I might also add:  to practice law, you have to have a bar license.  To get a bar license, you have to pass the bar exam (except for Wisconsin).  To even TAKE the bar exam, you need a law degree from a reputable law school, or the foreign equivalent.  “Reading the law”, an apprenticeship arrangement, is a thing of the past.  We had paralegals at the law school who figured they might as well take the extra step and get that law degree and take the bar.  Some states allow attorneys who have passed other bar exams and practiced as an attorney to “waive in” without taking and passing their own bar exams.  I passed the Maryland and Virginia bar exams, and waived in to D.C. and New York.    

 In December 1990 I actually went back to College Park for my graduation ceremony from University of Maryland.
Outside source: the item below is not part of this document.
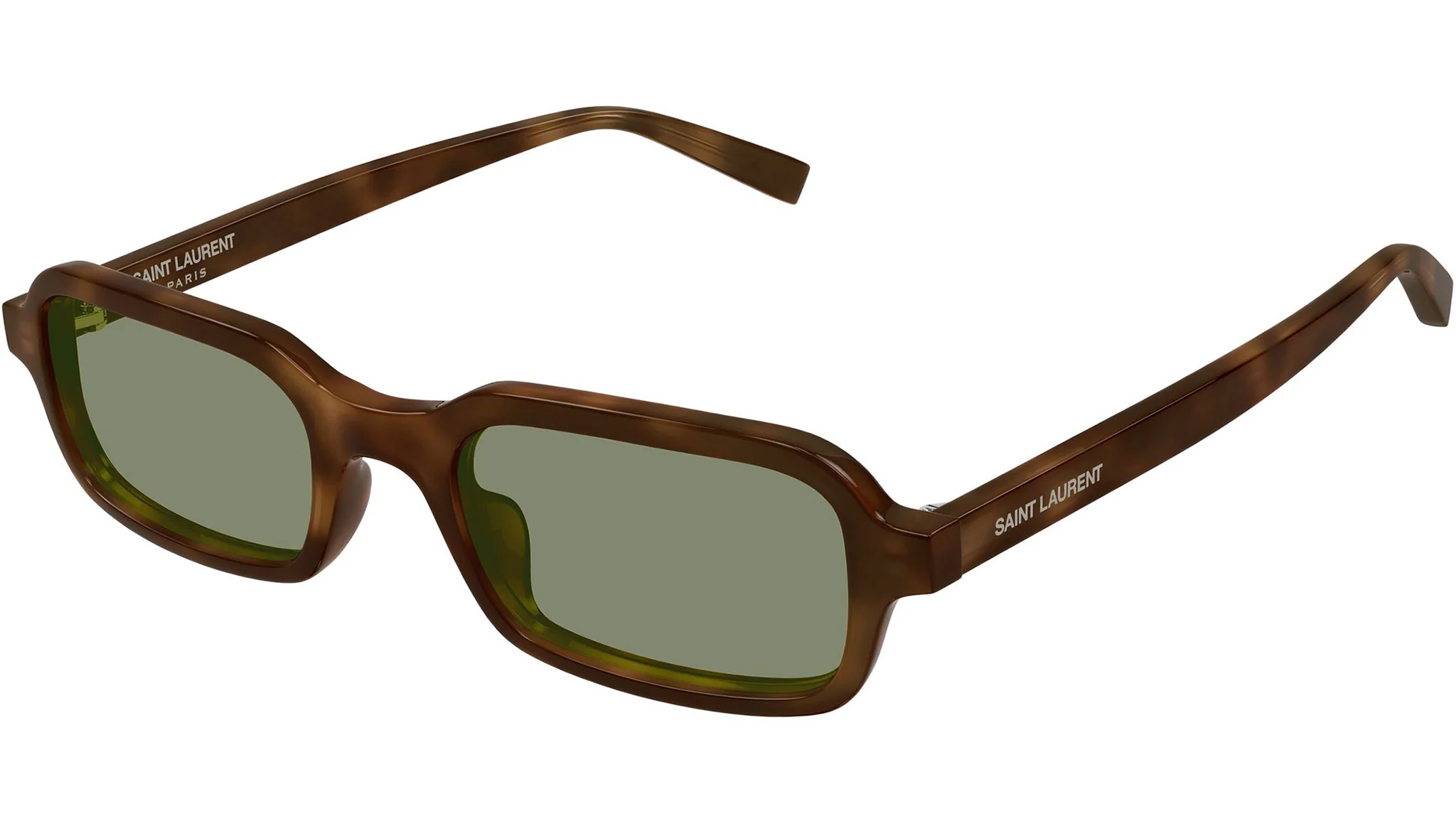 Saint Laurent SL 908 003: SL Logo koleksiyonunun havana/yeşil kombinasyonu, SL 908'in en cesur ve en karakteristik yorumunu sunar. Havana asetatın sıcak tortoise tonuyla katı yeşil lensin doğal enerjisinin buluşması, modeli minimalist dikdörtgen formun ötesinde güçlü bir stil ifadesine taşımaktadır. Geri dönüştürülmüş asetat tercihiyle lüksü sürdürülebilirlikle harmanlayan bu model, çevreye duyarlı bir zarafet anlayışını temsil eder.

I didn’t attend the general ceremony at Byrd Stadium, but did attend the college-specific ceremonies, both on the same day, at Cole Field House.  Technically I graduated on August 28, which was how I could start law school at GMUSL for the fall 1990 term. 

 Concerts.  The year started off with The Cult, on their Sonic Temple tour, at the Baltimore Arena on February 8.  That and Electric are my favorite albums.  Setlist Wiki does not have that particular show’s setlist.  Then it was Ace Frehley at Hammerjacks, in March, also in Baltimore.  In November, at the Cap Centre (Landover, Maryland), we saw AC/DC on The Razor’s Edge tour.  I seem to recall being in the bathroom when “Thunderstruck” opened the set.  Finally was seeing Hawkwind, with my buddy Dave, at the old 930 Club in DC, back when it was at 930 F Street and a fraction of its current size over on V Street.  Despite being closely after Xenon Codex, they didn’t play anything from that album, nor was there much focus on Lemmy era (Space Ritual) material, most of it being late 70s stuff I hadn’t yet heard by that point.